We analyzed 27 articles (45 patients) with 4 different neuromodulation therapies. In ECT we found 80% rate of disruption of SE and 5% of adverse events was reported. Using iVNS 15/16 (93.7%) patients resolved the SE. All patients who underwent TMS and DBS aborted SE, however, 50% of patients with DBS had severe adverse events.

CONCLUSIONS

Case series and case reports suggest that neuromodulation therapies can abort SE in 80-100% of patients (Oxford scale and GRADE were level 4 and D) with a wide range of adverse effects, which claims for prospective studies on the relationship be-tween efficacy and safety.

摘要

背景

电痉挛疗法(ECT)、迷走神经刺激(VNS)、经颅磁刺激(TMS)和深部脑刺激(DBS)是已用于治疗癫痫持续状态(SE)的神经调节疗法。

目的

综述神经调节疗法治疗 SE 的疗效和安全性的相关文献。

方法

我们在 PubMed、Scopus、Google Scholar 和 Science Direct(从建立到 2018 年 6 月)上检索研究。
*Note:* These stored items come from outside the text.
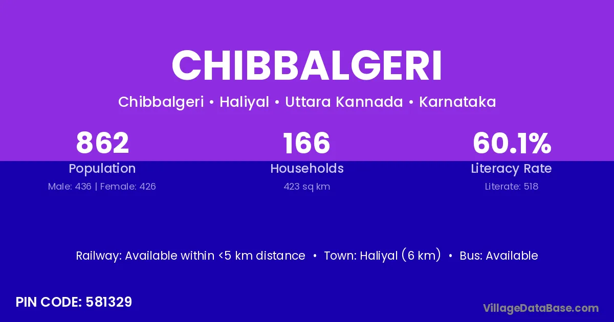 Haliyal (6 km) is the nearest town to Chibbalgeri village for major economic activities and is located approximately 6 km away.
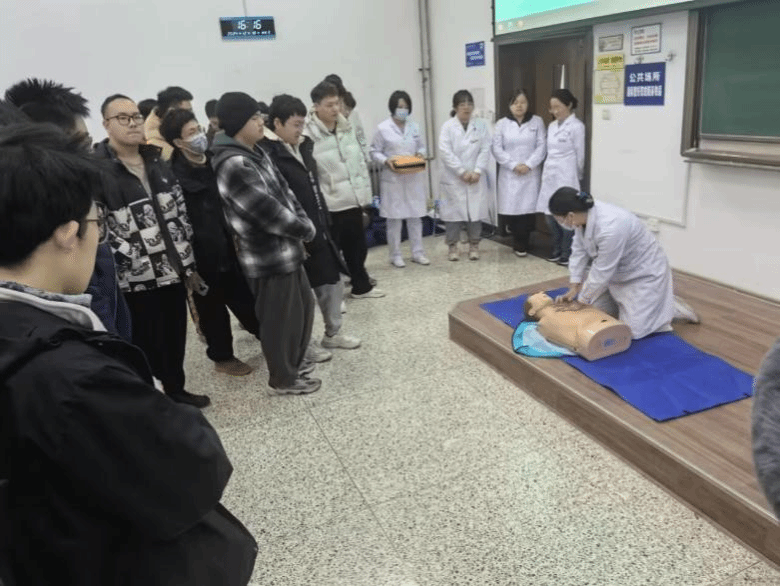 医生们首先为大家科普了一系列自我急救的“小秘籍”,告诉同学们如心肺复苏、应对低血糖、处理关节扭伤等必备的自我急救知识。随后,她们带大家熟悉了在医院的就医流程,让员工们便于就医,遇到紧急情况能够及时、有效就医。最后让大家“实地演练”,为模型病人进行心肺复苏,从而体会到对安全的重视与对生命的尊重。
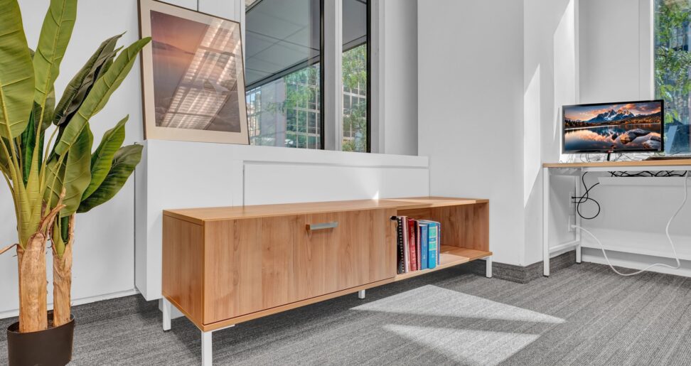 To encourage employees to return from home to the office, 22 private offices were thoughtfully curated and designed with a home-like feel, creating a welcoming environment. Using a combination of Halifax, Metro and custom items, each office demonstrated a feeling of individuality while also matching the office design. Freestanding desks and straight tables with modesty panels provided practical yet stylish work surfaces, while PET Felt Walls in Overcast offered sound-dampening and a modern touch. Storage needs were addressed with freestanding cabinets, low credenzas, and wardrobe cabinets with coat bars, ensuring employees had everything they needed within reach. An overall seamless aesthetic unified the entire office, with consistent finishes in Tofino melamine and vinyl used across all furniture, from reception to private offices. This cohesive design contributed to a calming, professional atmosphere that reflected the law firm’s values. The choice of neutral, serene colours helped maintain a collected environment while boosting morale and motivation. The result was a workspace that not only met functional needs but also enhanced employee satisfaction and added to the Client’s polished image.
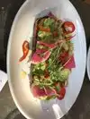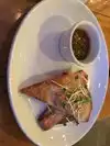 Only had their small bites, corn fritters, wings, and pimento cheese toast. all delicious, very flavorful, service is excellent. Great patio :)

四位综述作者独立选择研究、提取数据,并使用 Cochrane 干预系统评价手册、PRISMA 指南、牛津和 GRADE 量表以及 Murad 等人的建议评估研究的方法学质量,2018 年病例系列和病例报告的方法学质量和综合评价。

结果

我们分析了 27 篇文章(45 例患者)和 4 种不同的神经调节疗法。在 ECT 中,我们发现 SE 中断率为 80%,报告的不良事件发生率为 5%。使用 iVNS,15/16(93.7%)例患者 SE 得到缓解。所有接受 TMS 和 DBS 的患者均终止 SE,但 50%的 DBS 患者出现严重不良事件。

结论

病例系列和病例报告表明,神经调节疗法可以使 80-100%的 SE 患者(牛津量表和 GRADE 为 4 级和 D 级)中止癫痫发作,但不良事件的种类繁多,需要进行关于疗效和安全性之间关系的前瞻性研究。